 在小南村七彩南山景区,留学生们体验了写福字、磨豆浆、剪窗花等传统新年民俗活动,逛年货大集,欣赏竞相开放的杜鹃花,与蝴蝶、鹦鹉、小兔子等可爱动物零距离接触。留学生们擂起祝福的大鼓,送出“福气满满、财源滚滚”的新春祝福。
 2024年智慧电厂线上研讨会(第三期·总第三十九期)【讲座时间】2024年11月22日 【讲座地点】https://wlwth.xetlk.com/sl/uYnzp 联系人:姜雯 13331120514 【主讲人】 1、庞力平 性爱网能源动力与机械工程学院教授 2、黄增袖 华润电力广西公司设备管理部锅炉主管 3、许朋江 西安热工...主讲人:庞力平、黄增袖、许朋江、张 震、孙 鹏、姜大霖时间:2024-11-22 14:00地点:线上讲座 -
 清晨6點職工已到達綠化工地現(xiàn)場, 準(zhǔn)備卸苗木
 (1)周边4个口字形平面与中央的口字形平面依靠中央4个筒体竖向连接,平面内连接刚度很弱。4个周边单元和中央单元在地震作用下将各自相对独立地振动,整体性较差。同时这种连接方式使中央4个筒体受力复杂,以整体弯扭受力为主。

...

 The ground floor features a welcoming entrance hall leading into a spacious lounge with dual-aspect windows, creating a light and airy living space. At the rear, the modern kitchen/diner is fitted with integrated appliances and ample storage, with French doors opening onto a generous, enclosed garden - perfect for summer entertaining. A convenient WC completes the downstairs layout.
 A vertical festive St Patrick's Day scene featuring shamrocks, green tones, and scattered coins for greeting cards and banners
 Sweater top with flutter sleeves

* * *

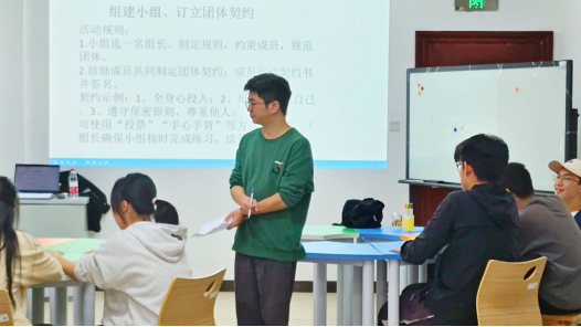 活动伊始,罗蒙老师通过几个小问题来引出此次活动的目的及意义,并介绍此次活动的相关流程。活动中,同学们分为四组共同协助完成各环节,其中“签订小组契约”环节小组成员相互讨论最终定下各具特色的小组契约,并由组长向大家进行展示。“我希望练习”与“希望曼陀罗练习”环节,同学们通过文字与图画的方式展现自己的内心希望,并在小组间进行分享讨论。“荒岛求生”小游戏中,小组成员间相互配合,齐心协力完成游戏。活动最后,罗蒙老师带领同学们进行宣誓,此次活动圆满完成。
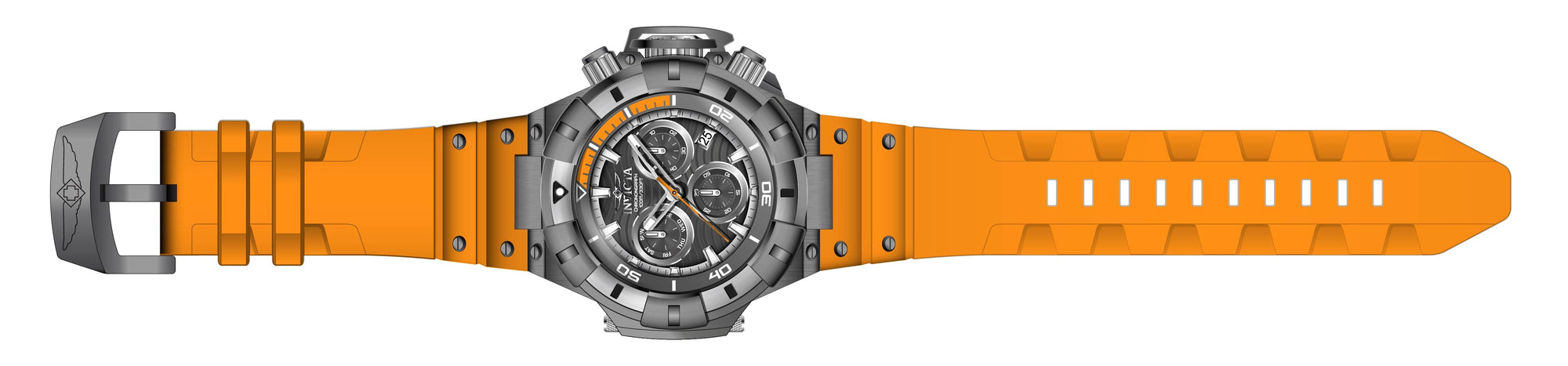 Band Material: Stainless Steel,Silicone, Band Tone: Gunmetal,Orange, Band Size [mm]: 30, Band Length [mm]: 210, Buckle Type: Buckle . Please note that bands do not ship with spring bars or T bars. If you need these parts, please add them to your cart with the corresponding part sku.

■ REQUIRED ACTION: From the records above, transcribe exactly the lines starting at the one containing "活动伊始,罗蒙老师通过几个小" and ending at the one containing "Band Material: Stainless". Skip the pictures.

■ TASK ANSWER:
 活动伊始,罗蒙老师通过几个小问题来引出此次活动的目的及意义,并介绍此次活动的相关流程。活动中,同学们分为四组共同协助完成各环节,其中“签订小组契约”环节小组成员相互讨论最终定下各具特色的小组契约,并由组长向大家进行展示。“我希望练习”与“希望曼陀罗练习”环节,同学们通过文字与图画的方式展现自己的内心希望,并在小组间进行分享讨论。“荒岛求生”小游戏中,小组成员间相互配合,齐心协力完成游戏。活动最后,罗蒙老师带领同学们进行宣誓,此次活动圆满完成。
 Band Material: Stainless Steel,Silicone, Band Tone: Gunmetal,Orange, Band Size [mm]: 30, Band Length [mm]: 210, Buckle Type: Buckle . Please note that bands do not ship with spring bars or T bars. If you need these parts, please add them to your cart with the corresponding part sku.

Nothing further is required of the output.